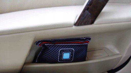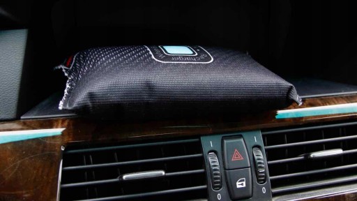 Pochłaniacz obszyty jest miękkim materiałem, dzięki czemu nie porysujemy wnętrza samochodu.
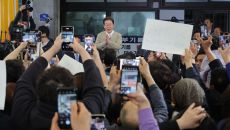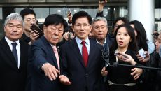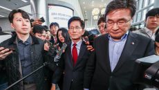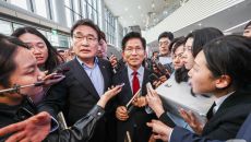 '단일화 갈등' 취재진에 둘러 싸인 김문수
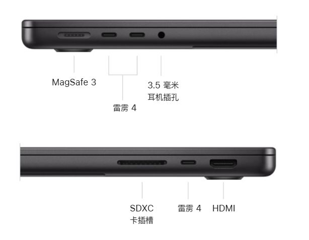 M4 Pro 和 M4 Max 机型配备 3 个雷雳 5 端口;

# Instructions for the task
The listing above should be repeated word for word, with every image left out.

# Result
 Pochłaniacz obszyty jest miękkim materiałem, dzięki czemu nie porysujemy wnętrza samochodu.
 '단일화 갈등' 취재진에 둘러 싸인 김문수
 M4 Pro 和 M4 Max 机型配备 3 个雷雳 5 端口;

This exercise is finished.